To do ->
Starting with the line that holds "www.mhlw.go.jp" and stopping after the line that holds "Perpill a gépben", repeat the lines below word for word, without the pictures.

Records for this task ->

<<<<

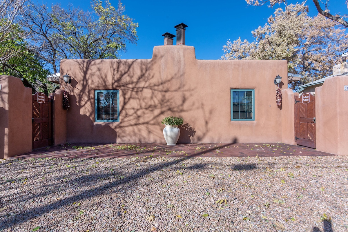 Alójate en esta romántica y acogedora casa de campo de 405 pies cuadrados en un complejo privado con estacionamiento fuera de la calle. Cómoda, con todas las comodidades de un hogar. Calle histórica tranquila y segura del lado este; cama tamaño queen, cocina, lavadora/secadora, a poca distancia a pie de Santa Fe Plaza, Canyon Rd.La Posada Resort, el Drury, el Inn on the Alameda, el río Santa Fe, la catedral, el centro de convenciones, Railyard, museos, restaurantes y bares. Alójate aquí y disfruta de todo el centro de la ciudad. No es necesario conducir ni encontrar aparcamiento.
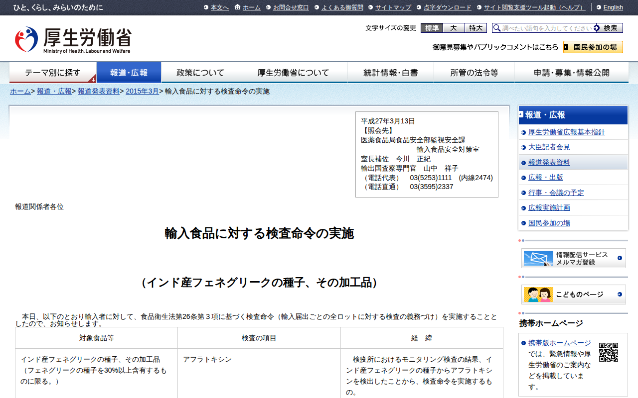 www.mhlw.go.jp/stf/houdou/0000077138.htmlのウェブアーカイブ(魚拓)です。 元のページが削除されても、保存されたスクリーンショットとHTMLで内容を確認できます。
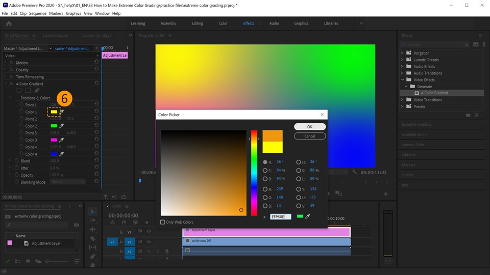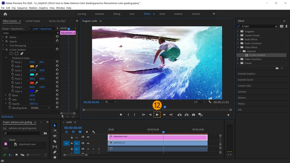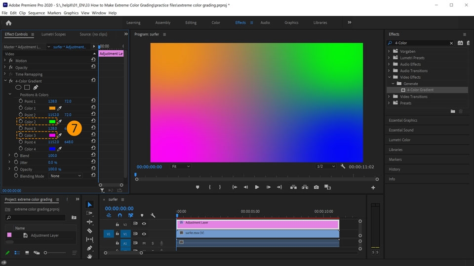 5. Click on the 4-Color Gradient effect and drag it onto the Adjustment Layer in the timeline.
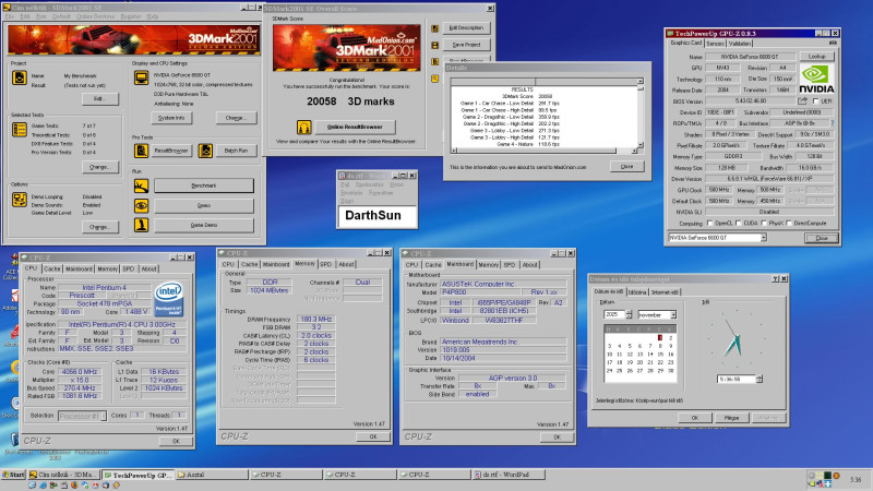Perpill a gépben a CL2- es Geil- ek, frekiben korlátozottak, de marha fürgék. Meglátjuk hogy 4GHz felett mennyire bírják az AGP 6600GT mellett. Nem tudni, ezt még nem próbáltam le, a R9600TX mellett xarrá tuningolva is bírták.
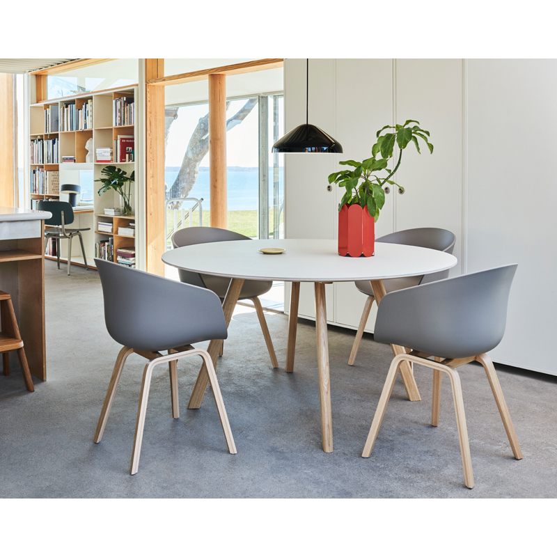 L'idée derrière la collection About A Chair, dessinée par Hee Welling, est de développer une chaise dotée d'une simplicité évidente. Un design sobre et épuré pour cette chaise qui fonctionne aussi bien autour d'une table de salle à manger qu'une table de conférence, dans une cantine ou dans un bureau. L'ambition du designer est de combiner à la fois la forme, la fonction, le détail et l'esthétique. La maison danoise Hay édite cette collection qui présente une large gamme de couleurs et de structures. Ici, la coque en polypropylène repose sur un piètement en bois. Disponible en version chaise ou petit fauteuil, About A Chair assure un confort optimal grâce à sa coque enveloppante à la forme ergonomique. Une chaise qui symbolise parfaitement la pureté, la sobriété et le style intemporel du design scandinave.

>>>>

Output ->
 www.mhlw.go.jp/stf/houdou/0000077138.htmlのウェブアーカイブ(魚拓)です。 元のページが削除されても、保存されたスクリーンショットとHTMLで内容を確認できます。
 5. Click on the 4-Color Gradient effect and drag it onto the Adjustment Layer in the timeline.
Perpill a gépben a CL2- es Geil- ek, frekiben korlátozottak, de marha fürgék. Meglátjuk hogy 4GHz felett mennyire bírják az AGP 6600GT mellett. Nem tudni, ezt még nem próbáltam le, a R9600TX mellett xarrá tuningolva is bírták.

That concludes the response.